On the kitchen floor, spread-eagled like a butterfly pinned down for display, was a large barefoot man resting in blood extending like wings to either side of him. A good portion of his skull was missing. Surrounding him like carefully moving ghosts, a forensics team clad in protective clothing went through the motions I knew all too drearily by heart.

Lacombe made the introductions. “This is Monsieur Jean-Luc Tessier. He was a Deschamps enforcer-a big cheese, correct? It looks like he was shot in the head, from behind with one bullet.”

I glanced back at the living room. “No obvious struggle. Was the door forced?”

“No. We are thinking that he knew who killed him.”

“And trusted him,” Labatt added, pointing at the corpse. “He turned his back on the man, maybe to make some coffee.”

“He live alone?” I asked, noticing the coffee maker on the counter ahead of the corpse, still half full and with its red indicator light on.

Lacombe smiled. “Yes. You are wondering how we found him so fast. The neighbor became angry at the television sound. When the Sherbrooke police got here, it was very, very big.” He put his fingers in his ears.
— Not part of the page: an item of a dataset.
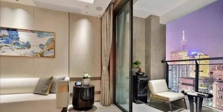 约30平的大客厅,连通达约11平的阳台,将室外的繁华CBD景观延展到室内。
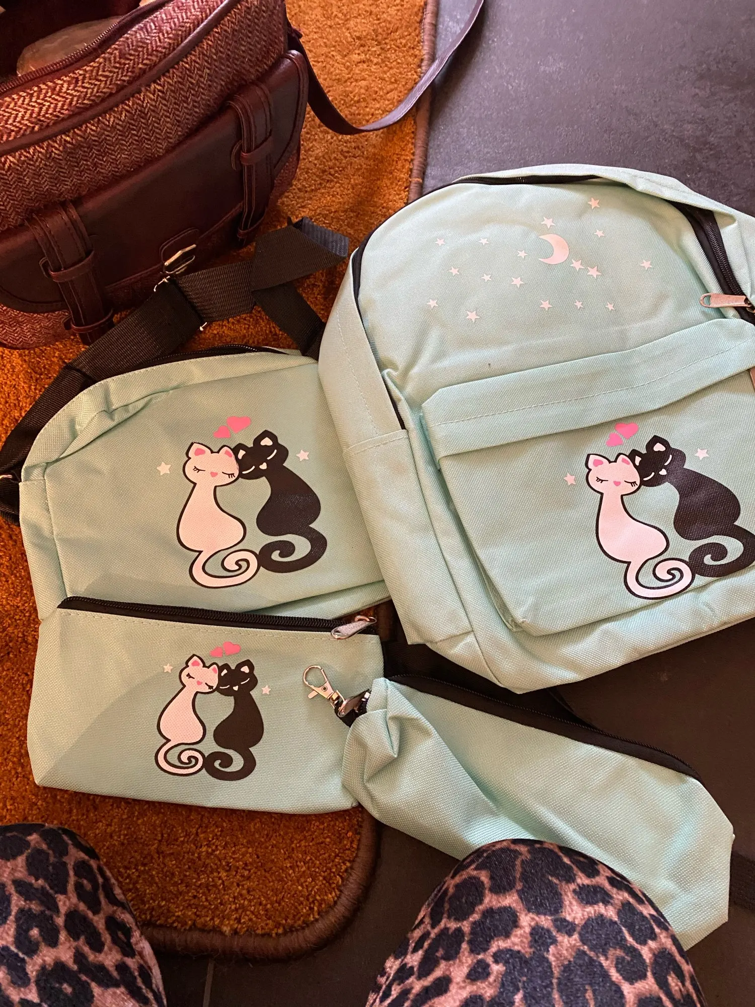 4 шт.компл. женский рюкзак с принтом кошки, холщовые школьные ранцы...

“But the noise came suddenly, just before the neighbor complained?”

Lacombe nodded.

“Meaning whoever killed him cranked up the volume to attract attention afterward,” I surmised. “It couldn’t have been that loud when he knocked on the door and Tessier went to pour coffee-it wouldn’t make sense. No gunshot heard?”

All three of them shook their heads. The comfortably bilingual Mountie-Rousseau-said, “Tessier was one of Marcel’s chosen men. He’d been with him twenty years and in the last eight or ten handled all the key dealings with rival operators. A hard man-loyal and savvy.”